Henriette Jacobsen, TheCostaRicaNews.com
Many of us have been wondering about it as we shop in our local super markets. Now the World Bank has confirmed our suspicion. Food prices have indeed gone up over the past year.
The latest edition of the World Bank’s Food Price Watch shows that the prices on food in Costa Rica rose 6% from December 2009 to December 2010. The year before the food prices also rose by 5%. This means, according to the World Bank, that we are heading towards the 2008 peak where prices skyrocketed to their highest level in 30 years. However, the average price for wheat in Costa Rica fell 15% over the last year. According to the World Bank’s food price index, the wheat price rose globally almost 70%, the price for maize increased 74%, sugar became 21% more expensive, and the popular Costa Rican export, bananas, became 23% more pricey.
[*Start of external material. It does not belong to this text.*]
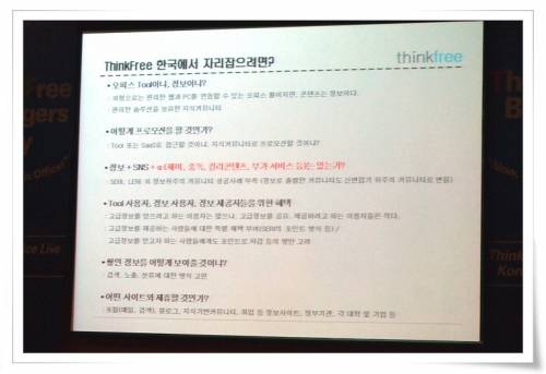 지난 3월 31일 오후 7시부터 삼성동 코엑스에서 씽크프리 오피스 라이브 한국 출시 간담회가 열렸습니다. 한글과컴퓨터 하위 조직으로 씽크프리는 라이선스 기반 소프트웨어를 판매하는 것이 아니라 SaaS 형태의 서비스형 오피스(워드, 스프레드시트, 프레젠테이션)를 개발·판매하는 것이 목적인 조직입니다.

Food prices have soared due to a combination of severe weather events in key grain exporting countries, the increasing use for biofuel production, export restrictions, and low global stocks. The food price hike is also linked to surging fuel prices. Crude oil increased 21% in the first quarter of 2011 as a result of unrest in North Africa and the Middle East.
As a result of the higher food prices, the World Bank estimates than an additional 44 million people have come below the $1,25 dollar extreme poverty line since June 2010. A further 10% increase in food prices could lead to 10 million people falling into poverty, and a 30% increase could increase poverty by 34 million people.
“More poor people are suffering and more people could become poor because of high and volatile food prices. We have to put food first and protect the poor and vulnerable, who spend most of their money on food,” World Bank Group President Robert B. Zoellick said in a press release.
The Food and Agriculture Organization of the United Nations (FAO) will hold a seminar in Tunisia from May 2-4 to address the high food prices. The FAO event’s purpose is to allow decision-makers from government ministries (agriculture, trade and finance) to exchange experiences from the 2008 food price crisis and become better acquainted with various policy measures.